В «обойме» или вне ее?.. |
Много лет назад редакции «Искателя» срочно потребовался фантастический рассказ взамен того, что был запланирован и не «пошел». К тому же рассказ был уже проиллюстрирован, и в ночь перед сдачей номера нескольким сотрудникам редакции и авторам пришлось писать научно-фантастический рассказ на тему рисунка. В импровизированном конкурсе победил человек, поставивший подпись «Кир Булычев». Так в литературу вошел один из самых популярных современных писателей-фантастов... Произведения Кира Булычева заслуженно популярны, недаром он стал лауреатом премии «Золотой теленок» «Литературной газеты». В них неизменно присутствует игра, веселая изобретательная мистификация, впрочем, как и в жизни самого писателя. Известный прозаик-фантаст — это видный ученый, востоковед, доктор исторических наук, лауреат Государственной премии СССР, член Географического общества СССР Игорь Всеволодович Можейко. Сегодня он гость нашей рубрики.
— Игорь Всеволодович, многих читателей интересует: как вы совмещаете науку и литературу?
— А я их не совмещаю — просто живу ими одновременно. И наука, и литература для меня — не хобби, не развлечение, а равнозначные виды деятельности, друг другу они не мешают. Даже помогают: история — научная дисциплина, которая основана на реальных фактах и не допускает никакого отклонения от них, никакой вольности в обращении с документально зафиксированными событиями; фантастика же невозможна без такой «вольности». Точка «схода» истории и фантастики для меня — человек, его прошлое, настоящее и будущее. В конечном итоге и эпохальные события, и приключения в вымышленном мире интересны нам по одной причине: как они влияют на судьбу человека.
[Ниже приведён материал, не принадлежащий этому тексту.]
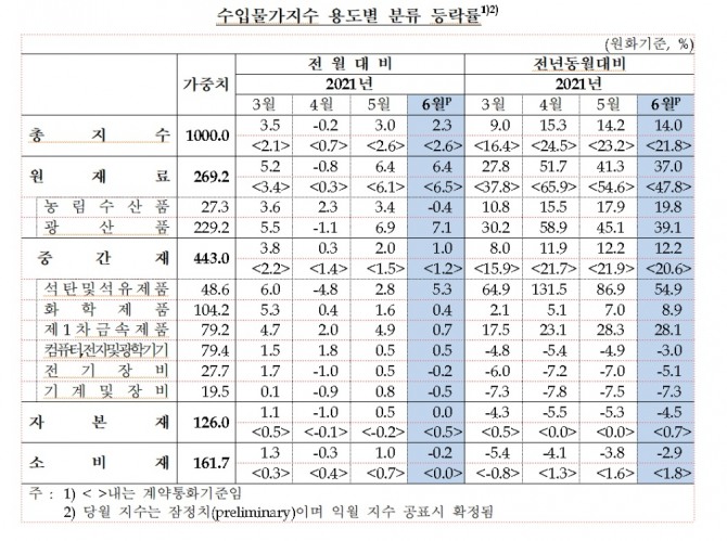 이에 따라 수입물가지수는 지난 3월 9%, 4월 15.3%, 5월 14.2%, 6월 14.0% 등 4개월 연속으로 올랐다. 또 3개월 연속으로 10%대의 상승률을 기록했다.
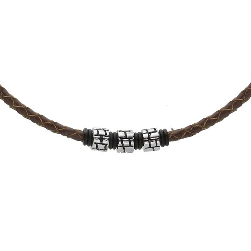 Stylový pánský náhrdelník Lewis z přírodní kůže a chirurgické oceli nadchne každého muže, který má v oblibě netradiční módní doplňky. Náhrdelník tvoří proplétaná hnědá kožená tkanička a na ní se nachází ocelové a kožené kroužky. Díky svému symetrickému tvaru je symbolem klidu, pohody a vnitřní harmonie.

— Очевидно, можно говорить о сходстве фантастики и исторической прозы как видов художественного творчества, в основе которых лежит принцип создания модели мира, отличающегося от реальности?
— Возможно, это и так. Но читательское восприятие зависит, в основном, от того, насколько понятен и достоверен герой, даже действующий в вымышленной ситуации. И интересно читать только в том случае, когда мы можем соотнести себя с ним, поставить себя на его место. Если исторический роман точен до мельчайших деталей, то он скучен — научная скрупулезность убивает фантазию. Мне как историку видны многочисленные «проколы» в «Петре Первом» Алексея Толстого, но как читатель я не обращаю на них внимания — настолько увлекательно действие. Так же и фантастика — она конструирует воображаемый мир, но если в книге нет ничего, кроме моделирования, пусть блестяще выполненного, — мне скучно. Пример? Пожалуйста: «Сами боги» Айзека Азимова... Я считаю, что хорошая историческая проза помогает понять, почему возникала та или иная общественная ситуация, почему мы стали такими. Тогда как фантастика отвечает на вопрос: что же с нами произойдет, если...
— Не могли бы вы развить эту мысль и дать свое понимание общественной роли фантастики?
— Фантастика — литература социально активная, быть может, одна из самых активных. Основная ее функция — предупреждение, предостережение. Писатель говорит правду в форме фантастического гротеска, аллегории о своем времени. Не случайно в недавнем прошлом, когда правда скрывалась, чиновники от культуры пытались не признавать фантастику, перевести ее в разряд научной популяризации. Сейчас в обществе повышается уровень честности, и, как мне кажется, в этом есть и заслуга фантастики, лучших ее образцов, конечно, таких, как «Час быка» Ивана Антоновича Ефремова или «Гадкие лебеди» братьев Стругацких...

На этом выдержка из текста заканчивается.